_EXERCISE DETAILS_.
Find, in the records below, the line that contains "Case Reeves & Starks Cockrell" and the line that contains "Click on the". Copy those two lines and everything between them exactly, but not the pictures.

_RECORDS_.
---+---
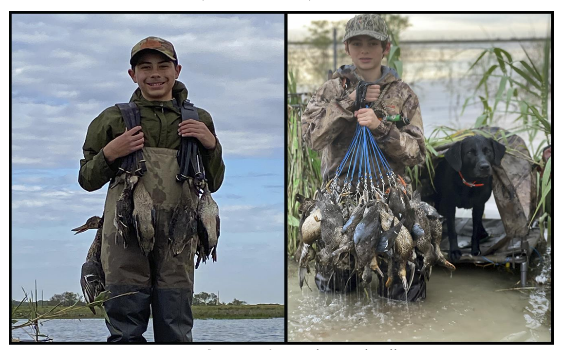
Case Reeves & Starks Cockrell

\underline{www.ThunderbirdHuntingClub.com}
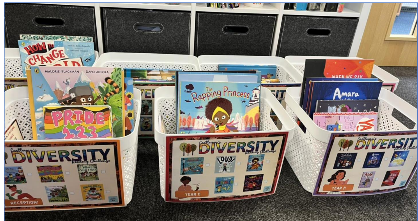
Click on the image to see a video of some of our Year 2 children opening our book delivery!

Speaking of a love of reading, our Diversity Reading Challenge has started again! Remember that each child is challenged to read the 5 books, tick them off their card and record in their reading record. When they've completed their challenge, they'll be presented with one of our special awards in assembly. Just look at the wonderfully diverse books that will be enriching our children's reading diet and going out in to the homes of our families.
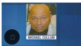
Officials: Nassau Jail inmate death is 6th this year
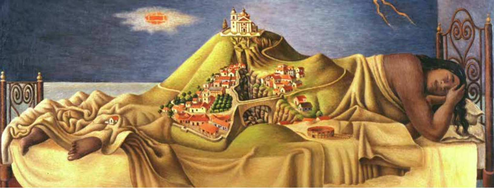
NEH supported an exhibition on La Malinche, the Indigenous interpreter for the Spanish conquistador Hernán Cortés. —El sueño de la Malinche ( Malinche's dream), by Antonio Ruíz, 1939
---+---
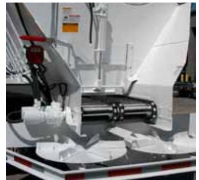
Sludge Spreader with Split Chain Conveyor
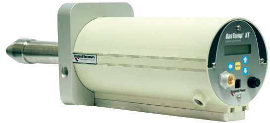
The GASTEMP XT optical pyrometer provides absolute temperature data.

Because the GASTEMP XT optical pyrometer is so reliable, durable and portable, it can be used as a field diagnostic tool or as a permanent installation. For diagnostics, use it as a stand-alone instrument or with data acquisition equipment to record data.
---+---
_RESPONSE AREA_.
Case Reeves & Starks Cockrell

\underline{www.ThunderbirdHuntingClub.com}
Click on the image to see a video of some of our Year 2 children opening our book delivery!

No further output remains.